Bulgarian aviator (1916–1943)

Dimitar Spisarevski (Димитър Списаревски) (19 July 1916 – 20 December 1943) was a Bulgarian fighter pilot known for taking down an American bomber by ramming it during the bombing of Sofia in World War II.

Born in Dobrich on 19 July 1916, Spisarevski moved with his family after the post-World War I Treaty of Neuilly ceded the city to Romania, consecutively living in Lom, Belogradchik and Sofia.

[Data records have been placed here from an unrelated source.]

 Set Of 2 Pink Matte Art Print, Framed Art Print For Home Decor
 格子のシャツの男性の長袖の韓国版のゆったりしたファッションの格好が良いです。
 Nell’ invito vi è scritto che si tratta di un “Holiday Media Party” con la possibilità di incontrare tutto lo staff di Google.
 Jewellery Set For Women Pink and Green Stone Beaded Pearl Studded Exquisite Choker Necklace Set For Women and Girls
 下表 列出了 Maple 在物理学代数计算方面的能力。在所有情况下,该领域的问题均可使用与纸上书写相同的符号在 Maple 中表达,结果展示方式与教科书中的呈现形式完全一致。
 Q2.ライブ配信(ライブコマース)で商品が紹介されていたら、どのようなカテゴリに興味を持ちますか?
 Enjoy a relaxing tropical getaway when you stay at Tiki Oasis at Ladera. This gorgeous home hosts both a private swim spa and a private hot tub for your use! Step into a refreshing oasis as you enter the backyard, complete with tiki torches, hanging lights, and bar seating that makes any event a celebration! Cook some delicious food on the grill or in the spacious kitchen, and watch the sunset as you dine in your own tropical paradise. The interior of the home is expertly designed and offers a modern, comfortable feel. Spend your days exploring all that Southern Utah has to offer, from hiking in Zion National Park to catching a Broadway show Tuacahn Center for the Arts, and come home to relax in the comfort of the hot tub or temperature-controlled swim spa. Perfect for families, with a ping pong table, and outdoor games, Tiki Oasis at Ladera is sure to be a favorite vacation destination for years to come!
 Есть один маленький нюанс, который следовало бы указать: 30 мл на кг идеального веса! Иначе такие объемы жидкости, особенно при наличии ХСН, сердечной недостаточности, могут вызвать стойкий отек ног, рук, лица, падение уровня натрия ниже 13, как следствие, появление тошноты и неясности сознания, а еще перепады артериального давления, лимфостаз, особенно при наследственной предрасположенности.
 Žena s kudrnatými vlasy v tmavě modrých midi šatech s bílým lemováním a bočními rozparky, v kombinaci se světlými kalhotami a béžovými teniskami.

Spisarevski entered His Majesty's Military School, but was subsequently expelled and went to serve in Yambol. Due to his excellent conduct, he was called back as a cadet to the school. When a pilot contest was announced, he was among the first candidates for the new subject. Later, he went on to study in Nazi Germany, where he graduated from the fighter pilot school in Werneuchen in 1938. In the summer of 1943, he was sent to the English Channel with another Bulgarian pilot to observe the German pilots and master aerial warfare tactics.

On 20 December 1943, a group of 200 American B-24 Liberator bombers and fighter planes headed to Sofia in order to bomb the Bulgarian capital once again. 36 Bulgarian airplanes took off in order to intercept the bombers before they reached Sofia. Spisarevski was one of the Bulgarian Air Force's Messerschmitt Ме-109G-2 pilots on duty in Bozhurishte who were sent to intercept the bombers before they could reach the city.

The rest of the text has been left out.